Besides, like I hinted at earlier, I haven’t been the most stellar mom with these afternoons together. My middle son doesn’t play well by himself; he’s very social. And I am not the kind of mom who plays. I facilitate activities; I do not play with my children. This is why we had siblings and not only-children. So, my five-year-old has become very good at computer games and navigating our kid-friendly Netflix account. Bad mom, bad mom.

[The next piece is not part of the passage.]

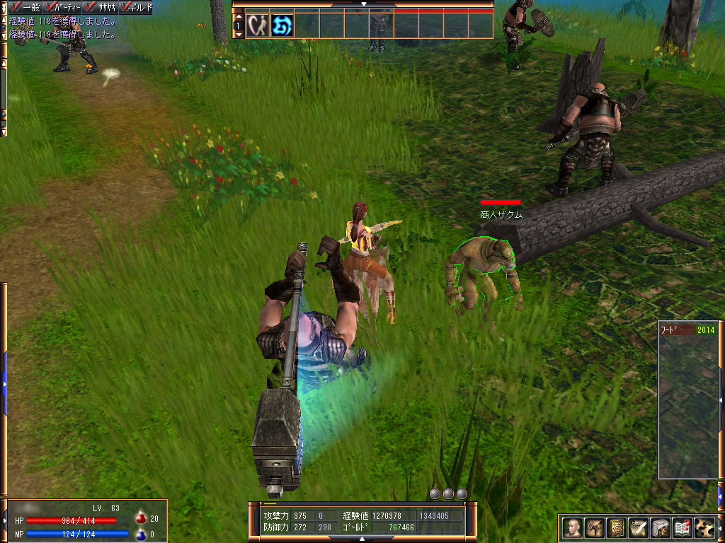 その一人が,エリオン村からアズランへ向かう途中の川周辺に出現する,「商人ザクム」だ。ほとんど止まることなくフィールドを走り回るこの商人は,普通に走っても,追いつくのは不可能。見かけたら,素早くクリックして商品ウィンドウを開こう。それでダメなら,運良く立ち止まってるところを見かけるまで我慢だ。

On the way to preschool, coming off of winter break, C yelled, “Goodbye Christmas Vacation, hello preschool!” I’m pretty sure his sentiments will be similar this fall when he shouts, “Goodbye Preschool, hello Kindergarten.” And I’ll be shouting right along with him. I just hope I haven’t made the wrong choice and instead of cheating him of his childhood, I’ve cheated him of being with his true friends. Nothing is worse than 12 years of knowing that you’ve been placed with the wrong group of peers.

Monday, February 6, 2012

Loving the New Toys!

I really am. I love the new toys my son got for his 3rd birthday! And I'm starting to think my evil plan of having a February baby is working...in the past I have hated February, this is when winter is getting a bit old for me and I wanted something to spice it up. And his birthday seems to be working: plan a party, have friends over, get some new toys to spice up the playtime etc. Also, I am getting better at spotting and suggesting new toys for birthdays. (It only took me three sons to get this down.)

My first happy toy is something called Constructables. A friend spotted this find because she knew how much A likes taking apart and putting things together. This toys is designed just for this. Maybe now he'll stop taking knobs off dressers? Probably not. But he can use these parts to build planes and cars and helicopters.

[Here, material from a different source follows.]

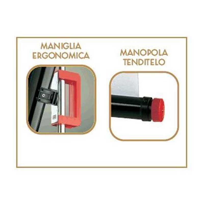 Gli schermi a Cavalletto Sopar, sono dotati di tela bianca lenticolare e sono apprezzati per l’alta qualità e per la semplicità del design. Particolare molto apprezzato è la maniglia rivestita in plastica che consente una presa ottimale durante il trasporto e le operazioni di montaggio e smontaggio.

My second happy toy is a classic box of music and rhythm toys. Not sure why it took me more than seven years of parenting to finally buy this.




My third happy toy is a Stomp Rocket. I think the pictures are convincing enough.




My fourth happy toy is a Water Works Construction Set. All of my boys have loved this and it has cut down on the splashing in the bathtub. You can redesign the water flow system so it helps fuel problem solving and creativity. Remember, the best toys are 90% kid and 10% toy. (No judgement please on the tub. We have a lot of iron in our water.)




He got some other great things: Bigsby Books, Beyblades (Yes, and even girls like these.), backpack...we did good. If you have a little three-year-old boy to buy for you can't go wrong with any of these suggestions and they are all, happily, under 20 dollars.

Oh, and the interactive Thomas the Train card from Grammy was well loved.